(Entries taken from a collection)

##########

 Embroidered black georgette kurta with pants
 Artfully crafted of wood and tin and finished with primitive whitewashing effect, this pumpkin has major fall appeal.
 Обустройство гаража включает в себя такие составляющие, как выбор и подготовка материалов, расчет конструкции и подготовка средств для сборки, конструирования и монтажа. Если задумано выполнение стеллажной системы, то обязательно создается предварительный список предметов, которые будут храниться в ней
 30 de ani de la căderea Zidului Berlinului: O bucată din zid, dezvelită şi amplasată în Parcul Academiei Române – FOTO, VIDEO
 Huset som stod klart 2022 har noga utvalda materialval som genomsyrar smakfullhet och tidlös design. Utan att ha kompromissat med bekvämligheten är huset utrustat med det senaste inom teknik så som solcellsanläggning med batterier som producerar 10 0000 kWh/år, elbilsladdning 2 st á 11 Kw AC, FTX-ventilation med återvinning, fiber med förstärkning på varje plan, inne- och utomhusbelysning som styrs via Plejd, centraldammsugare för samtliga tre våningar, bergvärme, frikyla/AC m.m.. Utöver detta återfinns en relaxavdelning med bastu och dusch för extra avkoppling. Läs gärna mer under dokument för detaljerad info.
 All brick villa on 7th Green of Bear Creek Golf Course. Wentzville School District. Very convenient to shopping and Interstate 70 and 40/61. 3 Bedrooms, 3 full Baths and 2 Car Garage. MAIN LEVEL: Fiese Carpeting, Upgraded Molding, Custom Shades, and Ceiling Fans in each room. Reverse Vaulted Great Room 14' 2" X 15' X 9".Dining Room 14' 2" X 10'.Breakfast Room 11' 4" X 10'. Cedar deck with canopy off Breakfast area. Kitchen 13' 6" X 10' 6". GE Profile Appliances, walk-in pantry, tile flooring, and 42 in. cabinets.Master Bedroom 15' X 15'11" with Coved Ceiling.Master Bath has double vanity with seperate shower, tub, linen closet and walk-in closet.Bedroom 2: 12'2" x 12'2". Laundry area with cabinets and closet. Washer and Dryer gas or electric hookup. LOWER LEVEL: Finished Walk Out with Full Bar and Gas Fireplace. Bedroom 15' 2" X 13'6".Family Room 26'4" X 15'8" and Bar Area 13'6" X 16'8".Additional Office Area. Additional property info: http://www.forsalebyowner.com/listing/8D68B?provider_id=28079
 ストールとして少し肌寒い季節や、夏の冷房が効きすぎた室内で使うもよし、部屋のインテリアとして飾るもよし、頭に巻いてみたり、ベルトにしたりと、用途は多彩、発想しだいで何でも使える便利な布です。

##########

Try it
This exercise asks for every line of the records to be repeated exactly.

Output of the exercise
 Embroidered black georgette kurta with pants
 Artfully crafted of wood and tin and finished with primitive whitewashing effect, this pumpkin has major fall appeal.
 Обустройство гаража включает в себя такие составляющие, как выбор и подготовка материалов, расчет конструкции и подготовка средств для сборки, конструирования и монтажа. Если задумано выполнение стеллажной системы, то обязательно создается предварительный список предметов, которые будут храниться в ней
 30 de ani de la căderea Zidului Berlinului: O bucată din zid, dezvelită şi amplasată în Parcul Academiei Române – FOTO, VIDEO
 Huset som stod klart 2022 har noga utvalda materialval som genomsyrar smakfullhet och tidlös design. Utan att ha kompromissat med bekvämligheten är huset utrustat med det senaste inom teknik så som solcellsanläggning med batterier som producerar 10 0000 kWh/år, elbilsladdning 2 st á 11 Kw AC, FTX-ventilation med återvinning, fiber med förstärkning på varje plan, inne- och utomhusbelysning som styrs via Plejd, centraldammsugare för samtliga tre våningar, bergvärme, frikyla/AC m.m.. Utöver detta återfinns en relaxavdelning med bastu och dusch för extra avkoppling. Läs gärna mer under dokument för detaljerad info.
 All brick villa on 7th Green of Bear Creek Golf Course. Wentzville School District. Very convenient to shopping and Interstate 70 and 40/61. 3 Bedrooms, 3 full Baths and 2 Car Garage. MAIN LEVEL: Fiese Carpeting, Upgraded Molding, Custom Shades, and Ceiling Fans in each room. Reverse Vaulted Great Room 14' 2" X 15' X 9".Dining Room 14' 2" X 10'.Breakfast Room 11' 4" X 10'. Cedar deck with canopy off Breakfast area. Kitchen 13' 6" X 10' 6". GE Profile Appliances, walk-in pantry, tile flooring, and 42 in. cabinets.Master Bedroom 15' X 15'11" with Coved Ceiling.Master Bath has double vanity with seperate shower, tub, linen closet and walk-in closet.Bedroom 2: 12'2" x 12'2". Laundry area with cabinets and closet. Washer and Dryer gas or electric hookup. LOWER LEVEL: Finished Walk Out with Full Bar and Gas Fireplace. Bedroom 15' 2" X 13'6".Family Room 26'4" X 15'8" and Bar Area 13'6" X 16'8".Additional Office Area. Additional property info: http://www.forsalebyowner.com/listing/8D68B?provider_id=28079
 ストールとして少し肌寒い季節や、夏の冷房が効きすぎた室内で使うもよし、部屋のインテリアとして飾るもよし、頭に巻いてみたり、ベルトにしたりと、用途は多彩、発想しだいで何でも使える便利な布です。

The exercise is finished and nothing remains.